Papier froissé

Antistrophé

Une mauvaise journée.


Papier froissé




Si mon âme devait être comparée à un objet existant que notre stupidité reliée à notre condition d'être vague et morne nous permette de voir, elle serait sans doute semblable à une vulgaire boule de papier froissé.

Le bruit du froissement en serait les hurlements, et la forme, l'esprit du carnage symphonique qui l'habite.

Une douce horreur en envahirait l'être, telle un Guernica vulgaire sortie du tréfonds du cul d'un enfant violé.

Toute la pestilence de cent nations belliqueuses en ressortirait pour en asperger le marbre divin et le faire fondre sous l'acide urique.

Elle passerait son temps à se défoncer les oreilles avec la croissante harmonie cassée de violons désaccordés, crissant à ses oreilles comme un miel répugnant censé les fermer.

Censé couper mon être fait de peurs et d'angoisses de ce monde de douleur. De cette multiple croche de notes mortelles. De l'assassinat sempiternel de mon carnage accordé.

Elle balance, entasse, fracasse des tonnes d'exécrations pour en créer du son de sang.

Cette apaisante symphonie qui en ressort en devient l'expression même de la peine éternelle.

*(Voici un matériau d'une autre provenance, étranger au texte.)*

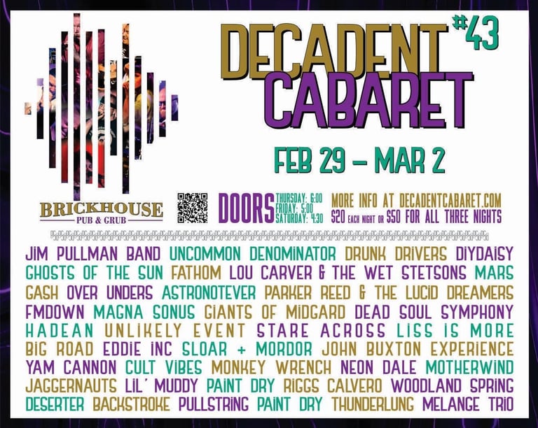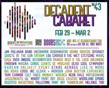 We're super excited to be a part of the newly expanded Decadent Cabaret in February 2024! This is such a great gathering of music artists from across the Chippewa Valley and beyond. We'll be playing the downstairs stage at 9:30pm - don't be late!

Un lent ballet de larmes et de pleurs et de lamentions jusqu'à la mort.

Jusqu'à en oublier sa propre cervelle, jusqu'à ne plus penser « combien de temps que je pleure ? », jusqu'à ne plus penser « pourvu que je continu de pleurer jusqu'à la nuit tombée et jusqu'au jour, par pitié... ».

Jusqu'à que le seul moyen de salvation soit de faire appel et jusqu'à que ces appels soient réceptionnés par des sourds muets aveugles, jusqu'à la personne la plus chère à son être pour qu'enfin de cette détresse ne reste que le simple mot, jusqu'à que la destruction deviennent hurlement quotidien, jusqu'à qu'elle hante notre pensée par sa forme, sa couleur, sa pluralité, sa perfection.

Jusqu'à que les larmes soient sucrées.

Jusqu'à que la souffrance soit apaisante.

Jusqu'à que l'infini Carnage soit mon opium.